Gracias don Fernando por su esfuerzo y cariño por sus compatriotas. Desde hace mucho tiempo que vengo pensando que la solucion para la calidad de la educacion pública seria obligar por ley a todo el aparato fiscal,desde presidente hasta concejales, a enviar a sus hijos a escuelas públicas. Y el que no este de acuerdo que no trabaje en el sistema fiscal. Mi humilde aporte.
En 1989 el entonces gobierno de Chile de Pinochet promulgó el Pacto Internacional de Derechos Económicos Sociales y Culturales de la ONU, en que los Estados parte se comprometen a garantizar el derecho de toda persona a la educación en todos sus niveles. Sobre la educación superior consigna que ésta debe hacerse igualmente accesible a todos sobre la base de la capacidad de cada uno por cuantos medios sean apropiados y en particular por la implementación progresiva de la enseñanza gratuita. (art. 13 c). ¿Qué carajo entonces alegan gente como Chadwick. Labbé, Bulnes, Zalaquett la CPC o la DC?
Me encantaría que estos "lugares comunes" fueran debatidos entre quienes tienen actualmente cargos públicos de representación ciudadana: Alcaldes, Diputados, Senadores, Presidente de la República, Concejales. Es irónico que existiendo toda la tecnología para debatir en Internet, las autoridades se resten de esta posibilidad de hacer un debate abierto, de cara al país. Debatir en internet toma poco tiempo y realmente no veo ninguna excusa que pudieran tener para seguirse restando y postergando un gran acuerdo nacional sobre temas tan importantes como estos. Simplemente no se entiende.
[...] Por último: Una propuesta para una educación chilena menos segregada. [...]
Pocas veces he leido algo mas estupido.Es como proponer que todo Chile comera porotos que le de el estado.Nadie debe comer otra cosa. Señores ,las dictaduras se han acabado.El comunismo murio.¿O todavia no se han dado cuenta? Y murio porque EL PUEBLO no lo queria mas.El muro lo botaron los que vivian detras de el. Proponer educacion igual para todos es una estupidez solo digna de Stalin.

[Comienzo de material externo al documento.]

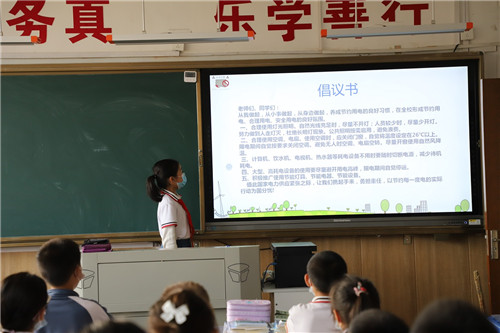近日,学校各班级召开“节约用电从我做起”的主题班队会。班主任通过课件、视频、童谣等学生喜闻乐见的形式,让学生知道为什么节约用电,怎样节约用电。认识到节省用电我们只喊口号是行不通的,我们还要把握节省用电的小窍门。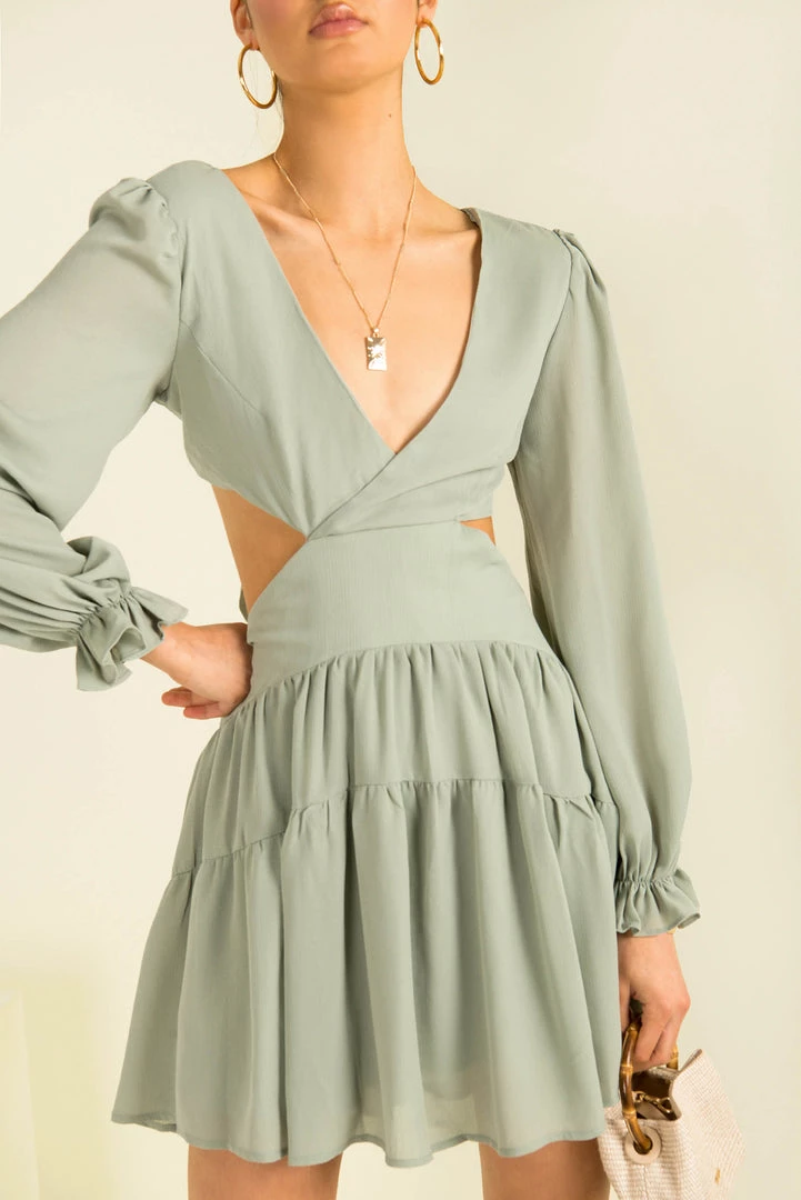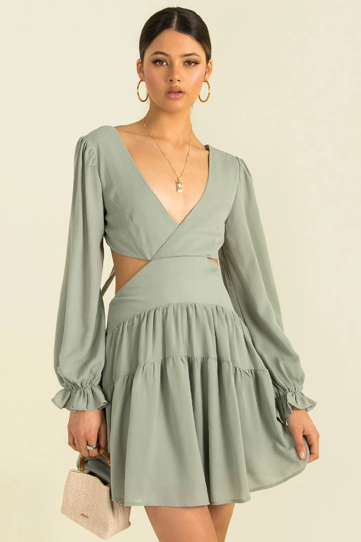 A beautiful mini dress with all the feminine details we love! Our gorgeous Jaclyn dress is made from a Khaki fabric and features long sleeves, a v-neckline and cute cutouts at the waist. She also has the most stunning open back with a tie-up detail. Finish your look with gold hoops, neutral heels and a mini bag.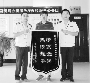 7月23日,商水县山峰纺织服饰有限公司将一面写有“情系企业 热情服务”的锦旗送到商水县国税局办税服务厅,感谢办税服务厅工作人员为其提供的优质高效服务。据悉,7月22日,该企业办税员到办税服务厅办理业务时发现,因增值税防伪税控盘出现错误,致使其无法正常领用增值税专用发票。了解到这一情况后,该局办税厅工作人员协同技术人员利用中午休息时间帮其解决了问题,并为其办理了相关业务。 谢晓宇 摄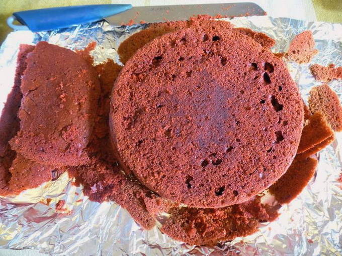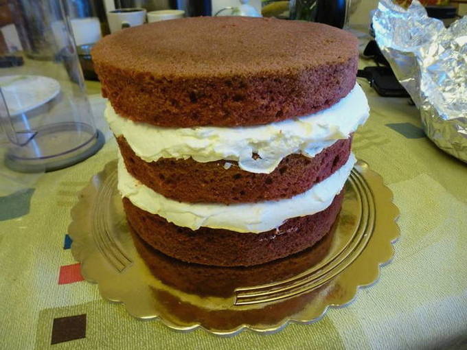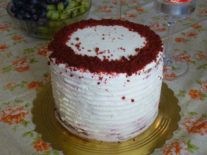 - Bestrijk de cake vervolgens aan de boven- en zijkanten met room, decoreer met koekkruimels. Zet de cake een nacht in de koelkast om te laten weken. De volgende dag is de Red Velvet cake klaar.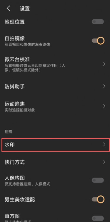- 封闭 时光水印 和 机型水印 右侧的开关便可。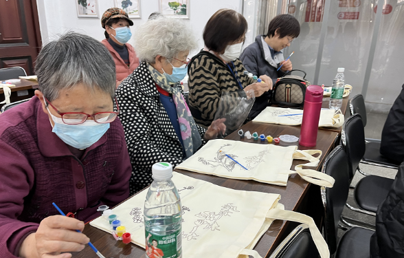 为了让社区退休老同志及居民更加深入理解“廉洁”二字的涵义,活动最后科普老师为居民发放“廉洁环保袋”的制作材料,大家挑选样式不同的环保袋,并充分发挥丰富的想象力,认真地在帆布袋上绘画、涂色,画出自己心中的“莲与廉”,一朵朵莲花在袋上悄然绽放,廉洁之雨浸润着每个居民的内心。历经半小时的创作,原本简单的白色帆布袋被点缀一新,一个个清新雅致、象征清正廉洁的帆布袋诞生了。

Señor Carlos, usted parece que leyó lo que esperaba leer. Para eso lo remito a comentarios como el de Enrique Herrera un poco más arriba o de Maximiliano, comentarios un poco más cortos que el articulo en cuestión y que deberían hacerle comprender lectoramente (habilidad esencial para una buena discusión) que la propuesta esta muy lejos de estatizar la educación y que todos los colegios sean iguales. Una verdadera oportunidad de elegir es la opción que se presenta, opción que sin darse cuenta ni usted ni yo pudimos gozar probablemente.